**EXERCISE INPUT**
========
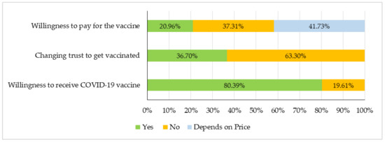 HCWs response to willingness to receive vaccination, change in trust in vaccination, and willingness to pay for the vaccine. Total number of responses: 2732.
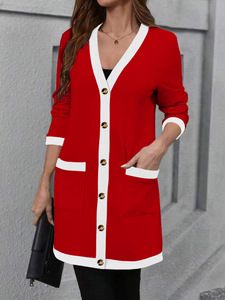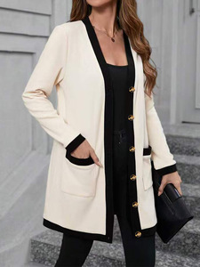 2025跨境欧美女装速卖通爆款时尚简约单排扣饰拼接撞色女式上衣
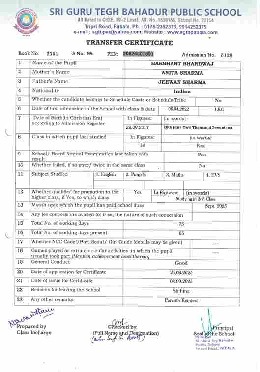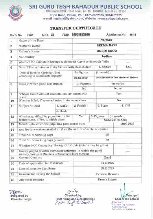 Sukhman Singh Sidhu(5704) ) Studying in XII 2025-26
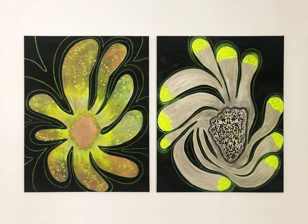 Model of a Giant Space Plant I+II, 2024 | acrylic, oil pastel and machine embroidery on raw cotton; 100 x 80 cm each one
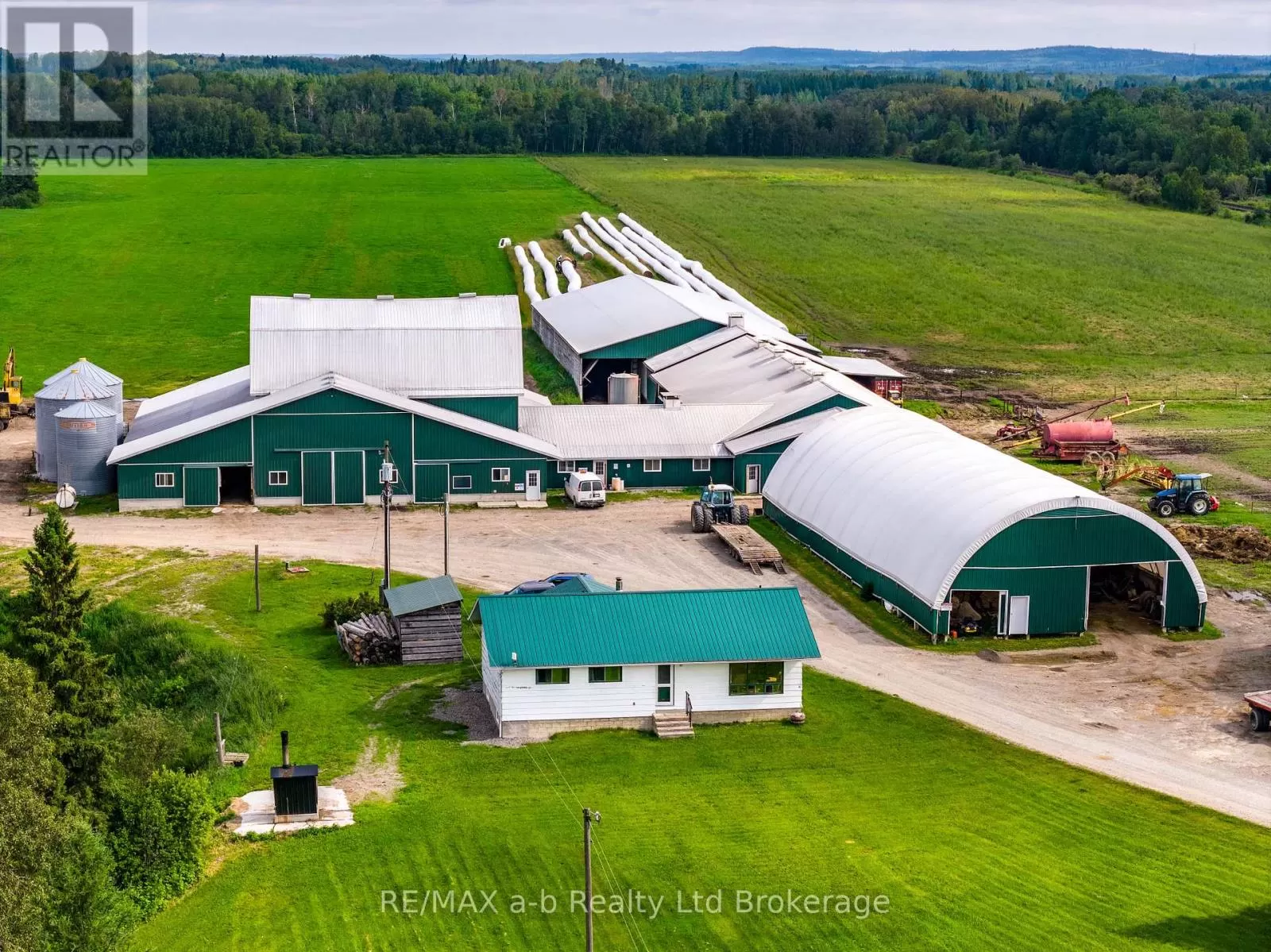 Cross Streets: WAWBEWAWA RD & CONCESSION ROAD 2. ** Directions: Highway 11North to Concession Road 2. Ongoing dairy farm for sale in Englehart, Ontario, fully equipped with 82 KG of saleable quota and supported by over 600 acres of land across 4 parcels, with approximately 275 acres workable. This large-scale operation is centered around a modern free-stall barn with 77 stalls, straw bedding, and two GEA R9500 milking robots installed in 2019. The farm is well laid out for efficiency, with GEA herd management software in place, a full range of support buildings including a large heifer barn built in 2017, traditional bank barn, coverall, and grain storage, plus a complete line of included equipment. This is a strong working farm with a substantial and contiguous land base, offering a mix of productive fields well-suited to support ongoing dairy operations. Designed for efficiency and cow comfort, this property provides the infrastructure and scale needed to operate successfully from day one. With a solid milking herd, robotic automation, and significant land holdings, this is an exceptional opportunity for those looking to grow or establish their presence in Ontario's dairy sector. (id:27476)
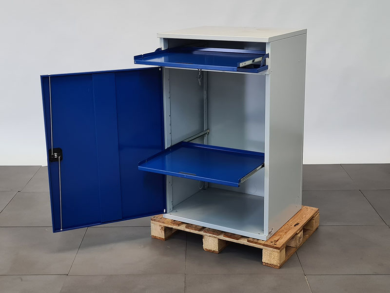 - Basisschrank geteilt in separat nutz- und bedienbares Tastatur- und Flügeltürfach. Kabeldurchlässe an der Schrankrückseite, im Deckel sowie im Innenteil.
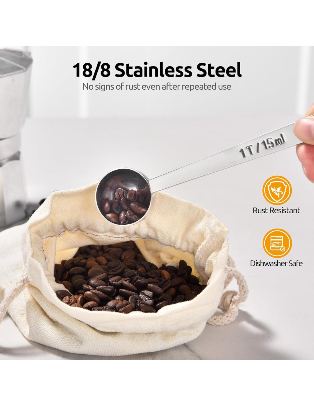 - [Acero Inoxidable 18/8 de Grado Alimenticio] Las cucharas de café U-Taste están hechas de acero inoxidable 18/8 de grado alimenticio engrosado. Sin problemas de oxidación, rotura o astillado. Soporta más peso que una cuchara de plástico. Sostiene fácilmente una cucharada completa de café molido sin derrames. Bordes redondeados y pulidos sin rebabas que lastimen tus dedos al lavar tu cuchara de cucharada. Las cucharas medidoras de café U-Taste son aptas para lavavajillas y fáciles de limpiar.
========
**WHAT YOU SHOULD DO**
Output every line of the records exactly, excluding all pictures.

**EXPECTED OUTPUT**
 HCWs response to willingness to receive vaccination, change in trust in vaccination, and willingness to pay for the vaccine. Total number of responses: 2732.
 2025跨境欧美女装速卖通爆款时尚简约单排扣饰拼接撞色女式上衣
 Sukhman Singh Sidhu(5704) ) Studying in XII 2025-26
 Model of a Giant Space Plant I+II, 2024 | acrylic, oil pastel and machine embroidery on raw cotton; 100 x 80 cm each one
 Cross Streets: WAWBEWAWA RD & CONCESSION ROAD 2. ** Directions: Highway 11North to Concession Road 2. Ongoing dairy farm for sale in Englehart, Ontario, fully equipped with 82 KG of saleable quota and supported by over 600 acres of land across 4 parcels, with approximately 275 acres workable. This large-scale operation is centered around a modern free-stall barn with 77 stalls, straw bedding, and two GEA R9500 milking robots installed in 2019. The farm is well laid out for efficiency, with GEA herd management software in place, a full range of support buildings including a large heifer barn built in 2017, traditional bank barn, coverall, and grain storage, plus a complete line of included equipment. This is a strong working farm with a substantial and contiguous land base, offering a mix of productive fields well-suited to support ongoing dairy operations. Designed for efficiency and cow comfort, this property provides the infrastructure and scale needed to operate successfully from day one. With a solid milking herd, robotic automation, and significant land holdings, this is an exceptional opportunity for those looking to grow or establish their presence in Ontario's dairy sector. (id:27476)
 - Basisschrank geteilt in separat nutz- und bedienbares Tastatur- und Flügeltürfach. Kabeldurchlässe an der Schrankrückseite, im Deckel sowie im Innenteil.
 - [Acero Inoxidable 18/8 de Grado Alimenticio] Las cucharas de café U-Taste están hechas de acero inoxidable 18/8 de grado alimenticio engrosado. Sin problemas de oxidación, rotura o astillado. Soporta más peso que una cuchara de plástico. Sostiene fácilmente una cucharada completa de café molido sin derrames. Bordes redondeados y pulidos sin rebabas que lastimen tus dedos al lavar tu cuchara de cucharada. Las cucharas medidoras de café U-Taste son aptas para lavavajillas y fáciles de limpiar.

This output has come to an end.